> **Data excerpts**
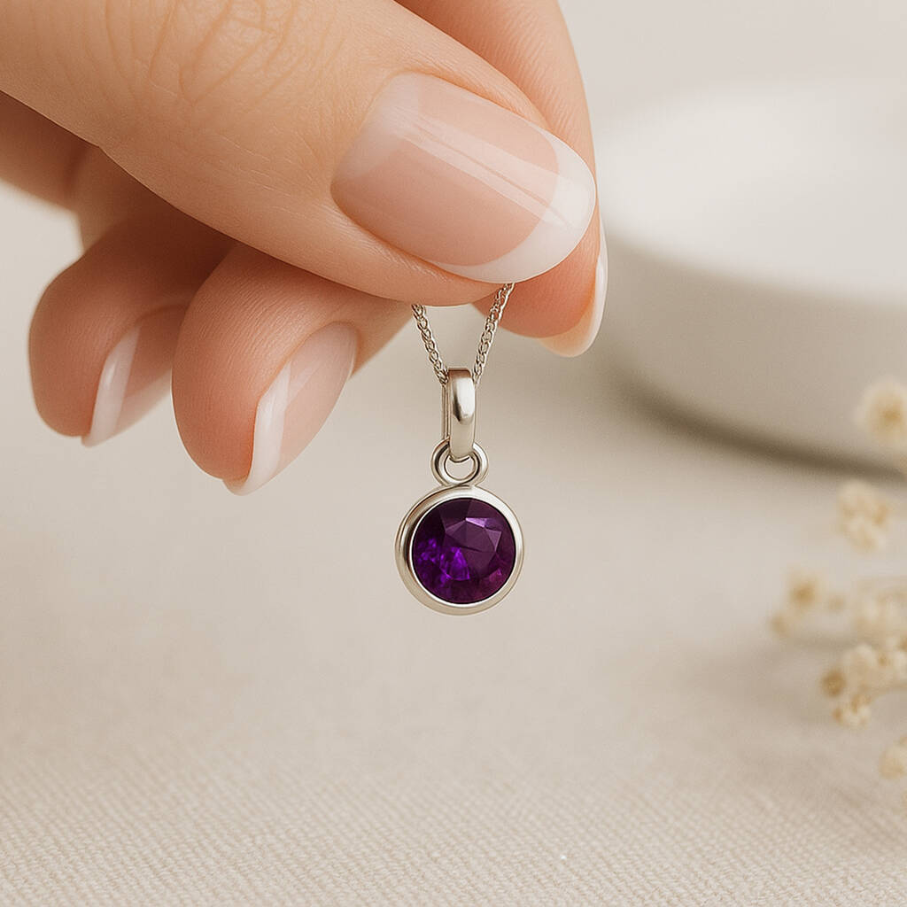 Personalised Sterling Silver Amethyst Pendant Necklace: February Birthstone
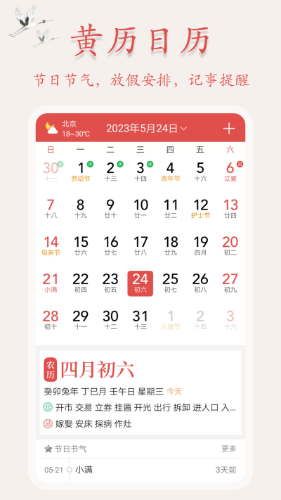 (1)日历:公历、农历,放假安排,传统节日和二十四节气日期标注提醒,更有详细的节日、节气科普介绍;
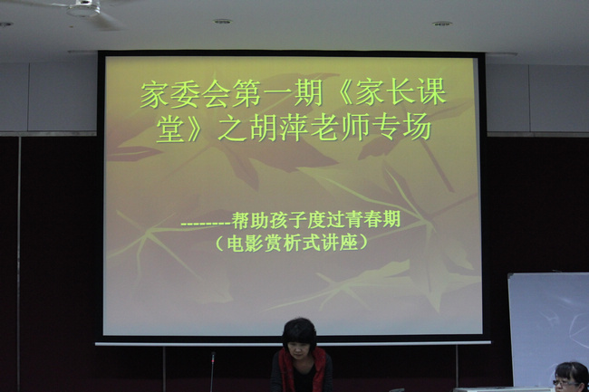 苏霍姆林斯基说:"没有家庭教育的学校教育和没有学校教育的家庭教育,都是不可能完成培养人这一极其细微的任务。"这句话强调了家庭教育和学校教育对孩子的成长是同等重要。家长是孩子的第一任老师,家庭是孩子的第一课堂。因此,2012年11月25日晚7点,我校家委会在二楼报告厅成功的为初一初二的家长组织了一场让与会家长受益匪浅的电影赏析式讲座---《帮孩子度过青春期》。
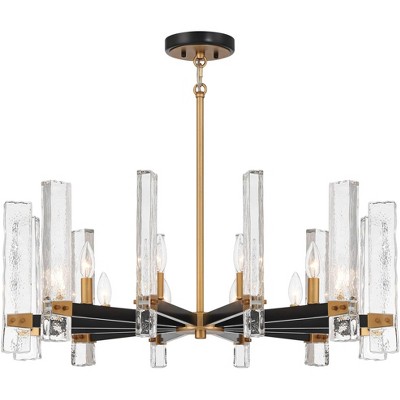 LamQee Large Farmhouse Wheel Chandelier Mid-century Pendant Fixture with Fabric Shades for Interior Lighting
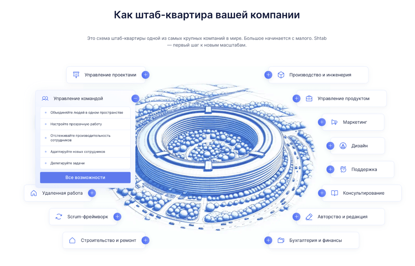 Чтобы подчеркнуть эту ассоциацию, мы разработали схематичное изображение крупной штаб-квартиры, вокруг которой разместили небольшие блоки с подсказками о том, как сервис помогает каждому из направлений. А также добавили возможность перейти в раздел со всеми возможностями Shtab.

> **Problem statement**
All entries above are to be reproduced exactly, with no pictures.

> **Answer box**
 Personalised Sterling Silver Amethyst Pendant Necklace: February Birthstone
 (1)日历:公历、农历,放假安排,传统节日和二十四节气日期标注提醒,更有详细的节日、节气科普介绍;
 苏霍姆林斯基说:"没有家庭教育的学校教育和没有学校教育的家庭教育,都是不可能完成培养人这一极其细微的任务。"这句话强调了家庭教育和学校教育对孩子的成长是同等重要。家长是孩子的第一任老师,家庭是孩子的第一课堂。因此,2012年11月25日晚7点,我校家委会在二楼报告厅成功的为初一初二的家长组织了一场让与会家长受益匪浅的电影赏析式讲座---《帮孩子度过青春期》。
 LamQee Large Farmhouse Wheel Chandelier Mid-century Pendant Fixture with Fabric Shades for Interior Lighting
 Чтобы подчеркнуть эту ассоциацию, мы разработали схематичное изображение крупной штаб-квартиры, вокруг которой разместили небольшие блоки с подсказками о том, как сервис помогает каждому из направлений. А также добавили возможность перейти в раздел со всеми возможностями Shtab.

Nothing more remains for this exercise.